[
https://issues.apache.org/jira/browse/CASSANDRA-17601?page=com.atlassian.jira.plugin.system.issuetabpanels:comment-tabpanel&focusedCommentId=17532500#comment-17532500
]
Jon Meredith commented on CASSANDRA-17601:
------------------------------------------
I think we can avoid introducing any more version-dependent behavior if we
remove {{ALL_REGULARS_AND_QUERIED_STATICS_COLUMNS}} or switch enabling it to
being an advanced option, and wait until pre-4.0.x upgrades are no longer
supported. Given how core {{ColumnFilter}} is, and how long they can be kept
around with {{{}ColumnFilterFactory.PrecomputedColumnFilter{}}}, I think any
non-deterministic version dependency on lowest upgrade version must be removed.
If the patched coordinator never builds
{{ALL_REGULARS_AND_QUERIED_STATICS_COLUMNS}} filters
- 3.x ColumnFilter will work the same as now - equivalent to Wildcard
- 4.0.x/4.1.x ColumnFilter will deserialize as the correct
SelectionColumnFilter.
If the coordinator is running on 4.0.x/4.1.x pre-fix - the lowest upgrade
version in 4.x will be null or the local version.
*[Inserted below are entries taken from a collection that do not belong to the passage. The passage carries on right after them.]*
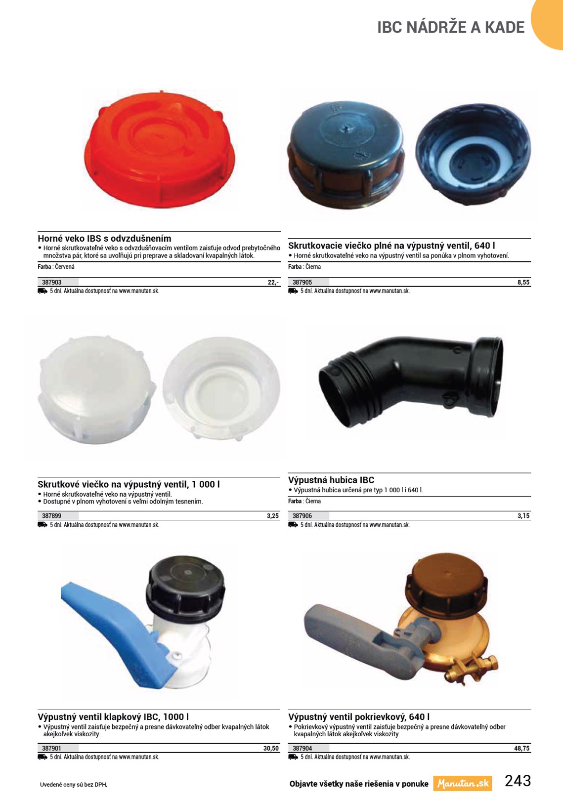 SUDY A PRÍSLUŠENSTVO K SUDOM Polyetylénový výpustný kohút, 4 ks • Polyetylénový výpustný kohút s veľkosťou závitu 3/4" na menej náročné použitie. • Vhodný na ropné látky a riedené kyseliny. 074009 2 dni. Aktuálna dostupnosť na www.manutan.sk. 17,08 Polyetylénový výpustný kohút • Polyetylénový výpustný kohút s veľkosťou závitu 2". • Vhodný na ropné látky a riedené kyseliny. 074010 2 dni. Aktuálna dostupnosť na www.manutan.sk. 24,75 Mosadzný výpustný kohút, na nekorozívne kvapaliny • Samozatvárací vypúšťací kohútik vhodný na nekorozívne kvapaliny. • Určené na sudy s 3/4" závitom. • Protiplameňový záver so závesným zariadením na stáčacie nádoby. • Výpustný kohút s PTFE tesnením. Materiál : kov - Závit : 3/4 palcov 270119 Aktuálna dostupnosť na www.manutan.sk. 54,75 Mosadzný výpustný kohút, na vykurovacie oleje a benzín • Mosadzný vypúšťací kohút je odolný proti vykurovaciemu oleju a benzínu. • Vybavený NBR tesnením a 3/4" závitom. Materiál : kov - Závit : 3/4 palcov 270120 Aktuálna dostupnosť na www.manutan.sk. 46,50 Výpustný kohút samouzatvárací • Robustný samouzatvárací výpustný kohút na jemné dávkovanie. • Vhodný na neutrálne až alkalické vodou riedené rozpúšťadlá a produkty z ropy. • Vybavený plastovým tesnením a protiplameňovým uzáverom. • Určené na sudy s 3/4" závitom. Materiál : kov - Závit : 3/4 palcov Mosadzný výpustný kohút, na agresívne kvapaliny • Mosadzný samozatvárací čapovací kohút vhodný na agresívne kvapaliny. • Vybavený PTFE tesnením a protiplameňovým uzáverom. • Určené na sudy s 3/4" závitom. Materiál : kov - Závit : 3/4 palcov 270122 Aktuálna dostupnosť na www.manutan.sk. 37,- 270123 Aktuálna dostupnosť na www.manutan.sk. 238 59,50
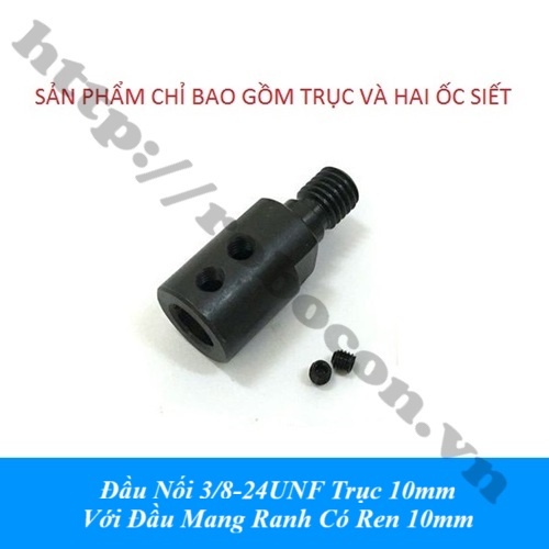 Đầu Nối 3/8-24UNF Trục 10mm Với Đầu Mang Ranh Có Ren 10mm là phụ kiện cho máy khoan, máy mài tự chế với công dụng nối từ trục động cơ 10mm ra đầu mang ranh ren 3/8-24unf
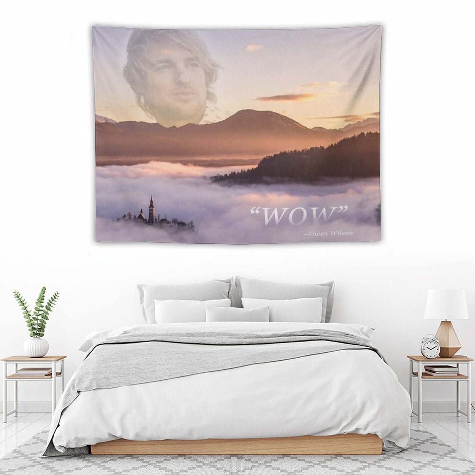 💓【MULTI-FUNCTION】 Used "WOW - Owen Wilson Tapestry" to decorate your bedroom, college dorm, room, living room, kitchen wall, can be used as tapestry or wall hanging, bedspread, tablecloth, dormitory decoration, beach shawl, tablecloth, etc.
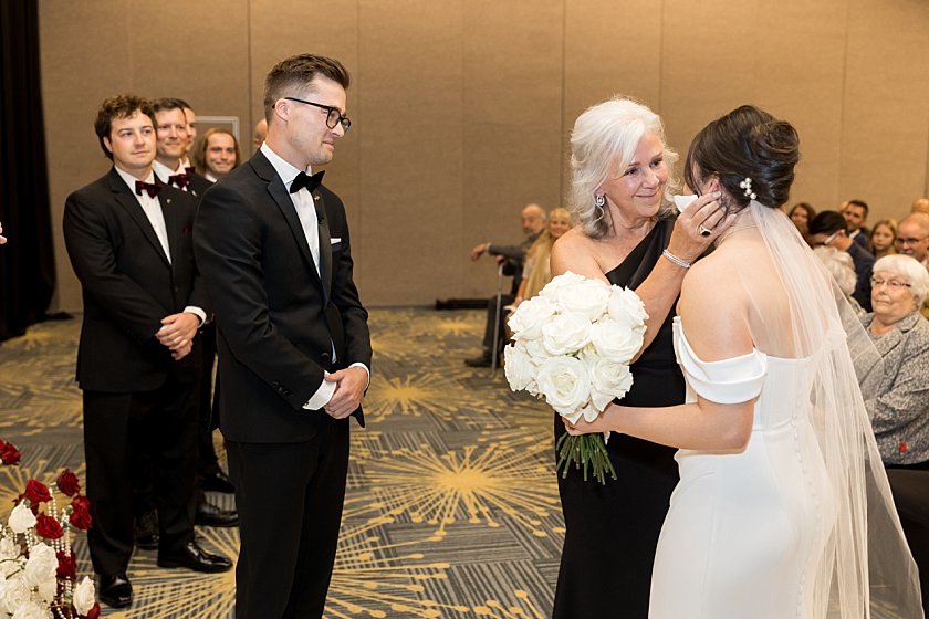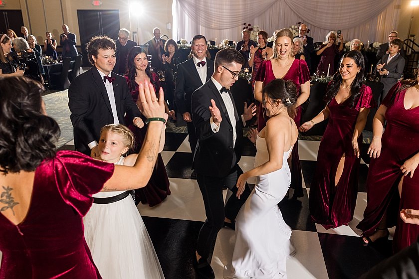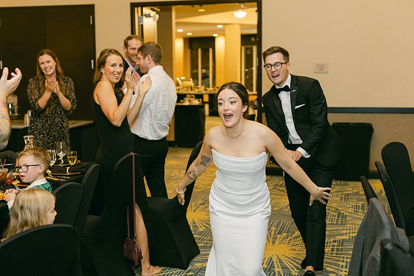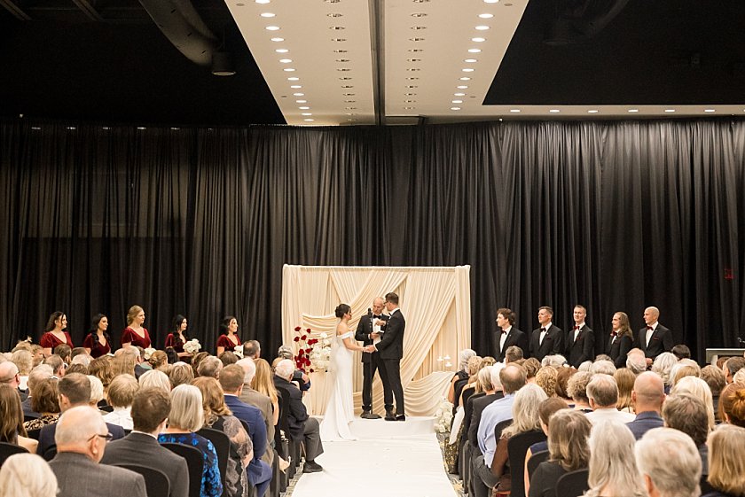 Maren & Jordan were married on Saturday at the Hilton Garden Inn in Fargo, ND! The morning began at Ivy & Rose warehouse in downtown Fargo, where the sunlight poured in and flooded the space with a pretty glow. Maren’s dark hair was swept into a French twist while the girls, in their light blue nightgowns, sipped champagne and laughed together. A theme of roses and pearls made this day feel like a classic love story. As a photographer, I was endlessly inspired by all the gorgeous details, but even more so by the sweet, sassy, and sentimental love that M + J share. Here are a few of my favorites from their beautiful day!

* Option 1 - A patched node deserializing could chose to ignore the new
{{FETCH_ALL_STATICS}} bit and deserialize
{{ALL_REGULARS_AND_QUERIED_STATICS_COLUMNS}} as {{ALL_COLUMNS}}
** {{org.apache.cassandra.db.rows.BTreeRow#filter}} will not be able to filter
columns and not add a transform
**
{{{}org.apache.cassandra.db.rows.UnfilteredSerializer#readSimpleColumn{}}}/{{{}readSimpleColumn{}}}
will always read the static - which should work fine as all statics will be in
the fetched list.
**
{{org.apache.cassandra.index.internal.keys.KeysSearcher#queryDataFromIndex}} -
will only use initial filter, not create an extended one.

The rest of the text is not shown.